This article is about the concept of Proof of Work. I have written a program in C demonstrating the concept. It is downloadable here: ProofOfWork.zip
The term Proof of Work in computing is an interesting concept. It means producing some output that other people can verify would “have taken a certain amount of work” to have accomplished. The important part is that the verification is easy, while the actual work is hard.
There are many computational things that take a long time to perform, but easier to verify the result. For example finding a prime number. It is harder to find a prime number than it is to verify that a given number is prime. So a proof of work system could be worked using this. The required work could be to find a random prime number greater than some large threshold. In order to “prove” you have performed the work you present the prime number. I can verify that it is a prime number without as much work as it took to find it.

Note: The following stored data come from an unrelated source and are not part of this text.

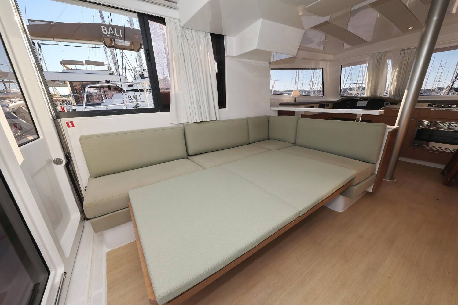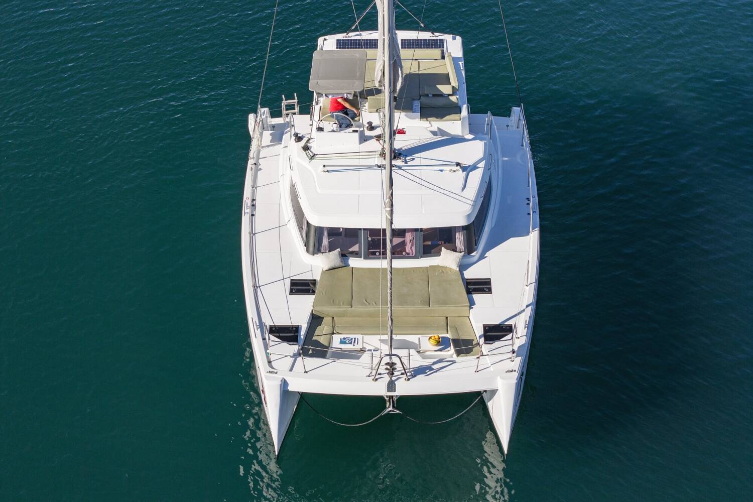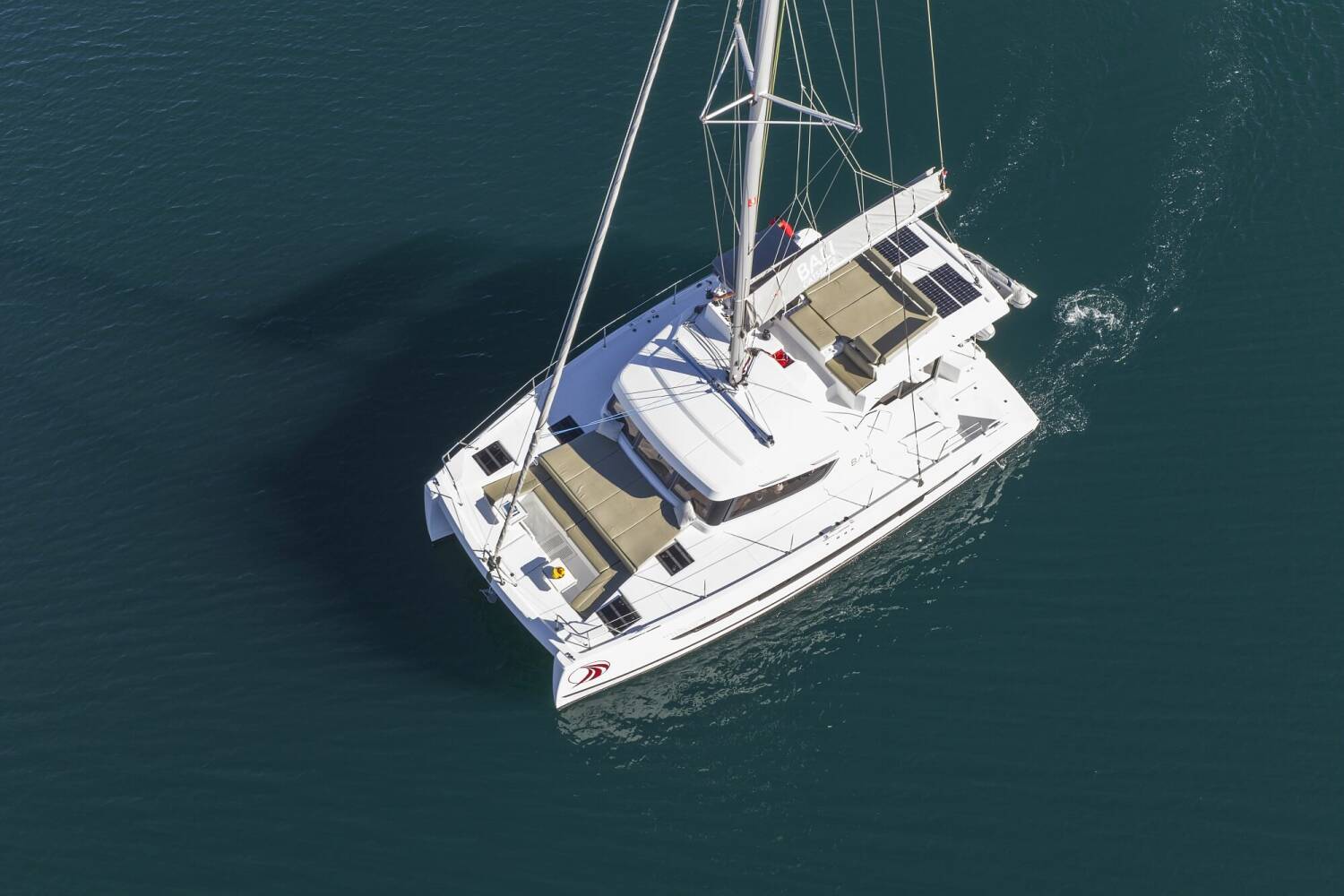 Bali Catspace "Rolling Stone" je opremljen s full batten glavnim jedrom, samopreletni flok tipom genoe te Bimini top, Automatski pilot.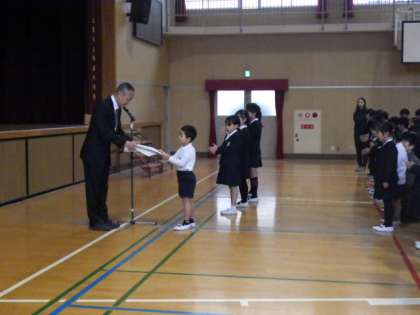 校長先生からは、先日大阪大会に出場したミニバスケットボールクラブチームの話と美しい日本語をそれぞれ個人で考えてみましょうというお話がありました。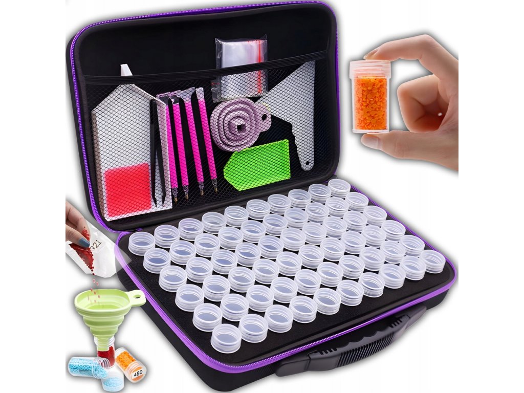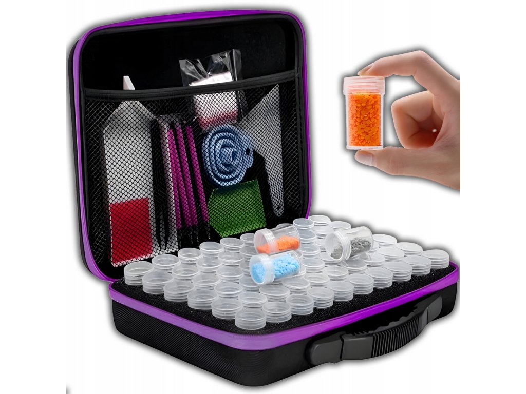 Organizér pro diamantové vyšívání nabízí až 60 nádob, do kterých se vejde značné množství krystalů.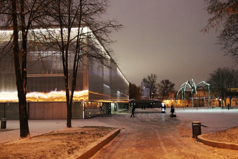 Мне понравилось новое просторное помещение GARAGE. Идеальное место для масштабных выставок. Сейчас (до 7 февраля) тут проходит выставка "Луиз Буржуа. Структура бытия: клетки". Представлены ее скульптуры и инсталляции, которые она создала в последние годы жизни. На площади (перед музеем) GARAGE представил монументальную скульптуру паука Maman, 1999.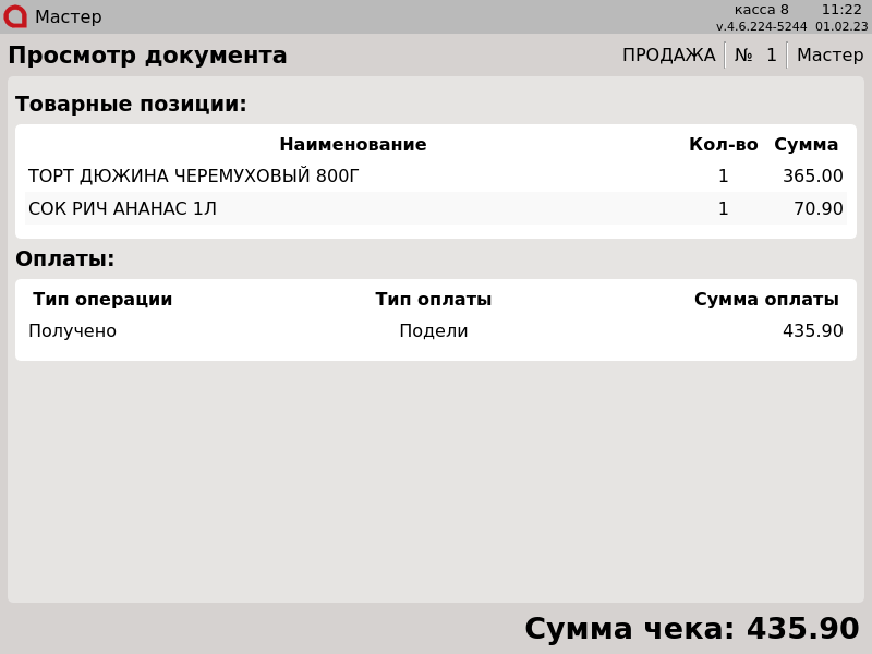 7 - Подели. Возврат по чеку продажи. Товары, запрещенные для возврата, удалены из чека.png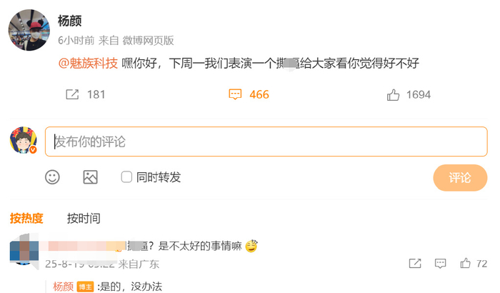 杨颜虽然没有公开和魅族闹矛盾,但选择在这个时间节点开撕魅族,应该早有规划。毕竟魅族22系列原定7月发布,最终延期到8月下旬,预计下周一开始有官方正式预热。在新机预热期间可以造成巨大影响,对魅族22系列和魅族科技都造成巨大打击,最有可能逼迫魅族做出最大让步。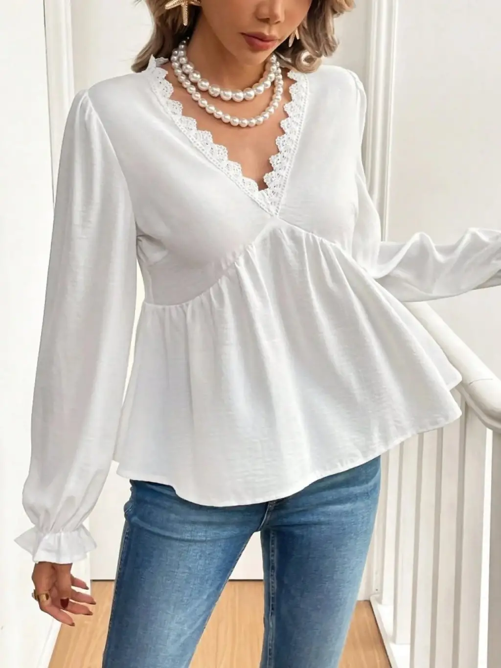 Kadın Uzun Kollu Hakim Yaka Tül Detay Ithal Krep Bluz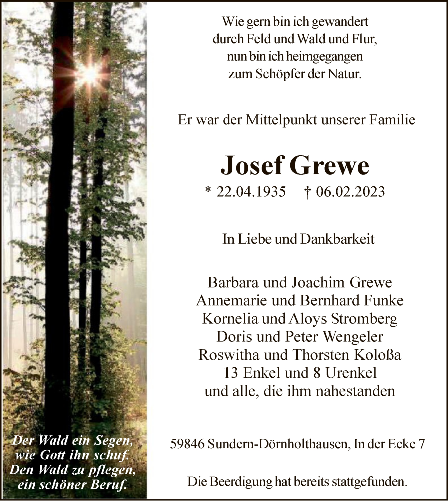 Hier finden Sie alle Traueranzeigen aus der Zeitung, die bisher für Josef Grewe erschienen sind. Weitere Traueranzeigen, die in der Zeitung erscheinen, werden hier ebenfalls aufgelistet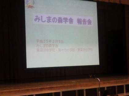 「みしまの森学舎」授業公開の後、今年度の保護者報告会を開催しました。等々力小学校三年生、東深沢小学校四年生、本校1年A組の児童・生徒による合唱のオープニングから始まりました。また、分科会の中の児童・生徒会については、三人の代表生徒によるプレゼンでした。そほか、三部会(知育・徳育・体育食育)からの発表など、様々な取組について報告しました。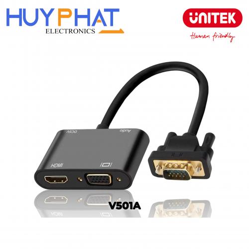- Bộ chuyển đổi UNITEK V501A cho phép kết nối thiết bị có cổng VGA (như máy tính, laptop đời cũ) với các thiết bị hiển thị có cổng HDMI hoặc VGA.
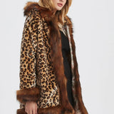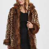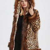 Womens Leopard Print Hooded Faux Fur Collar Jacket

Therefore “proving” that you probably spent a measurable amount of work finding it. This would not make a very good scheme, for one the threshold would have to be changed all the time to avoid repeats, also verifying a number is prime is still relatively expensive and becomes more difficult as the numbers get larger.
A better proof of work system is one involving hash calculations. The nature of a good hash algorithm is that it is impractical to influence the output of the hash value. Basically any slight change in the input will cause a completely random-like hash value. A hash value can be considered a large integer value. For example MD5 produces 128 bit hashes, while SHA2 typically produces 256 or 512 bit hashes. For the remainder of the article I am going to use MD5, but note MD5 is NOT a good hash algorithm. However it is fast and still demonstrates my point. Though for an actual system, the hash would have to be replaced with a more secure hash such as SHA2.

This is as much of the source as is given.